The same day, Steron Mining and Company Limited — which started as a granite quarry before stumbling on lithium, then tantalite — unveiled an estimated 3.3 million metric tonnes of lithium reserves at its Abuja site.
Why These Minerals Matter
Not all minerals are equal. The ones found in Kaduna sit at the very centre of the global clean energy economy. Lithium powers the batteries that run electric vehicles and store renewable energy. Platinum group metals are critical for hydrogen fuel cells and catalytic converters. Nickel and copper are essential for electric motors and grid infrastructure. Rare earth elements go into everything from smartphones to guided missiles.
The world’s wealthiest economies — the United States, China, the European Union — are in an active scramble for secure supplies of these materials. Countries sitting on confirmed reserves of them have enormous negotiating leverage.
If Nigeria’s Kaduna deposits hold up under deeper exploration, the country joins a short list of nations with the raw inputs that the next economy runs on.

The Gap Between Discovery and Value
Nigeria has been here before or somewhere close to it. The country has known about its solid minerals potential for decades. What has changed less quickly is the infrastructure, regulation, and domestic processing capacity needed to convert that potential into wealth.
Alake acknowledged this directly. “For too long, Nigeria’s mineral endowment did not translate into sufficient national value,” he said, describing the familiar paradox: vast deposits, weak enforcement, poor geological data, and an economy built around exporting raw materials rather than finished products.
The government says it is now moving away from that model, with investors committing to processing projects designed to keep more value inside Nigeria. But the gap between a ministerial announcement and a functioning beneficiation industry is wide. The Kaduna discovery has been verified at the geological survey level. The next steps — commercial-scale exploration, environmental assessment, infrastructure investment, and regulatory clarity — are where Nigerian mining has historically lost momentum.
What to Watch
The Steron story is instructive. The company went in looking for granite. It found lithium. It is now finding tantalite. That pattern of mineral discovery compounding as exploration deepens is precisely what makes the Kaduna province significant. The question is whether Nigeria can build the conditions that attract serious long-term capital rather than the hit-and-run extraction that has characterised parts of its mining history.

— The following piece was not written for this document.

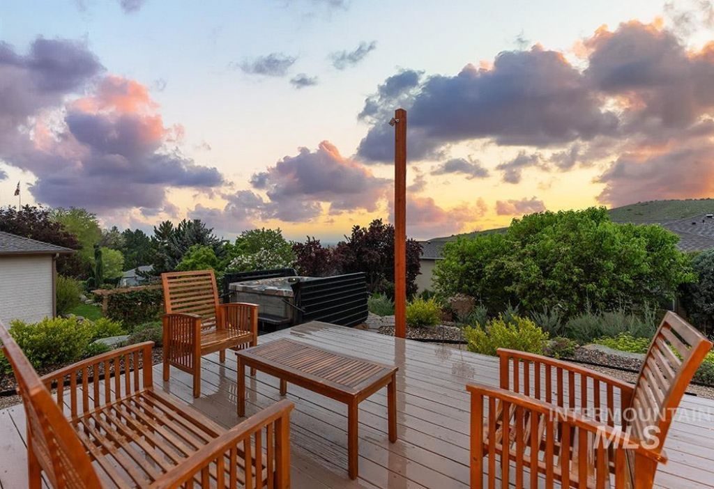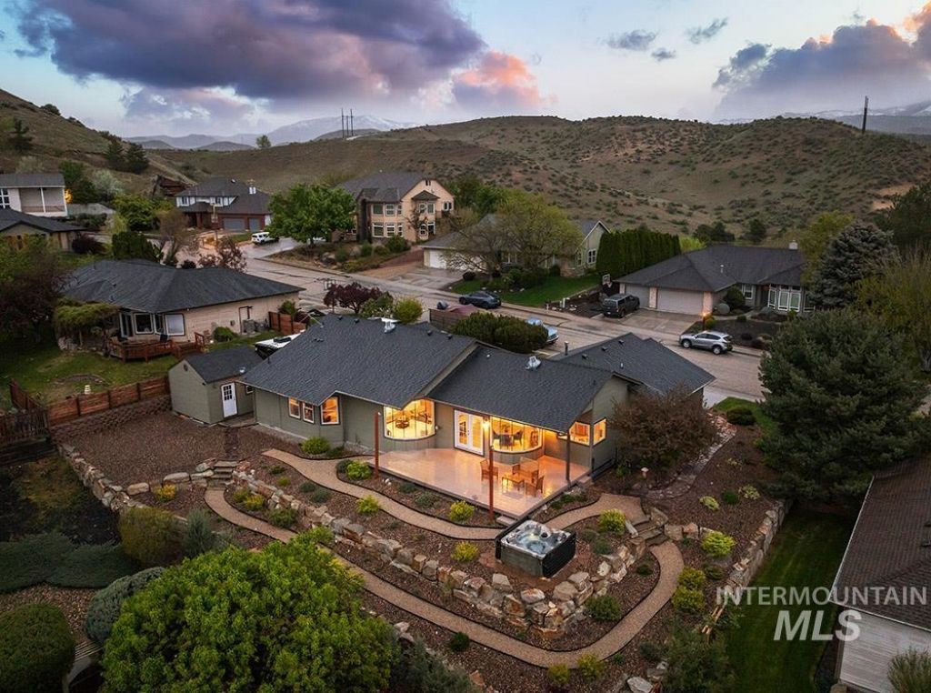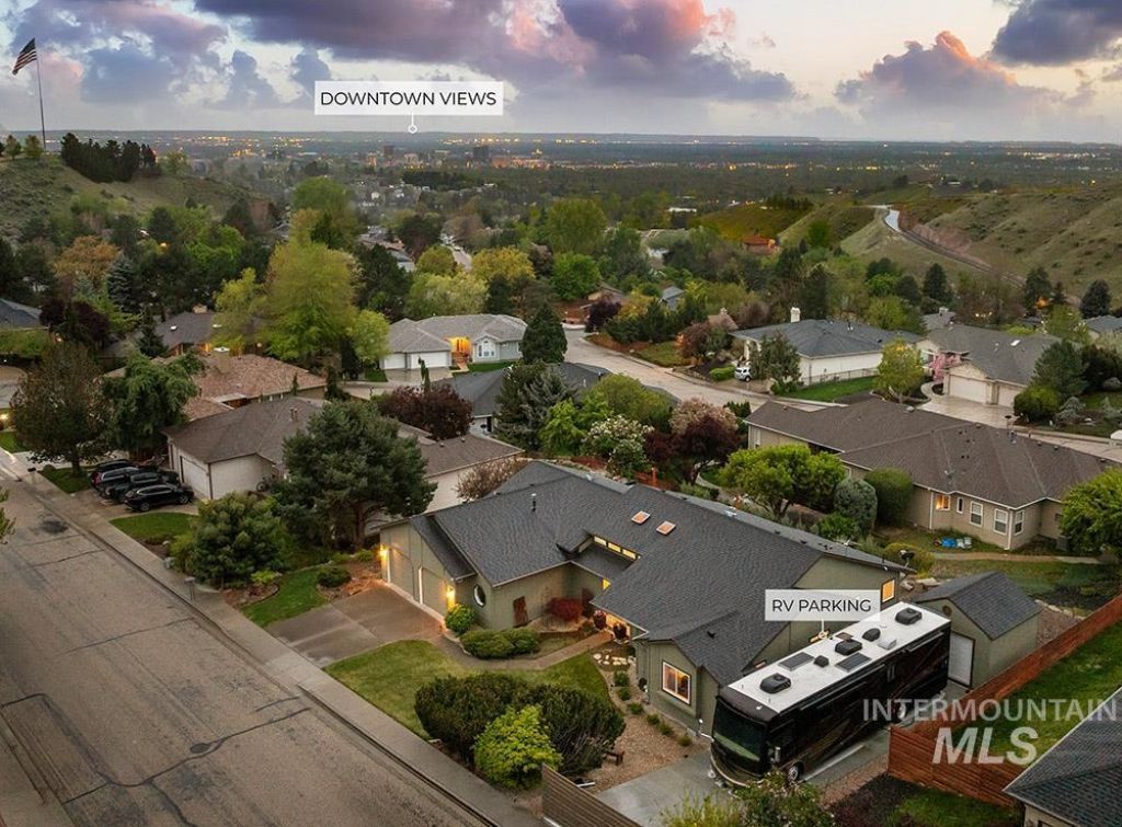 Rare single-level in the North Boise foothills showcasing stunning downtown and foothill views with RV parking with no HOA dues. Perched just above the North End, this location offers quick access to foothill trails, just minutes to Crane Creek and Hyde Park, and an easy, direct route to both downtown and Bogus Basin. The meticulously maintained home features true single-level living on over a quarter acre, complete with gated RV parking and a low-maintenance xeriscaped yard. Inside, curved architectural windows frame the views, filling the space with natural light. The open-concept layout is anchored by a double-sided fireplace, hardwood flooring, and an inviting kitchen with honed granite countertops, subway tile backsplash, and breakfast bar seating. The primary suite offers hardwood floors, incredible views, and a well-appointed en suite bath with dual vanities, a fully tiled walk-in shower, and a spacious walk-in closet. Outdoor living shines with a large entertaining deck and thoughtfully designed xeriscaping for easy upkeep. A flagstone patio leads to a hot tub area with sweeping city views. Additional features include a versatile storage shed with a garage door for smaller vehicles/toys or gear, plus dedicated side-yard RV parking with hookups.

For now, the announcement signals genuine government intent to position Nigeria in the global critical minerals market. Whether the Kaduna province becomes a transformative economic asset or another promising discovery that fades into inaction will depend on decisions made in the months ahead on licensing, processing mandates, community frameworks, and the quality of private sector partnerships the government is able to broker.
FURTHER READING
The geology appears promising. The harder work is everything else.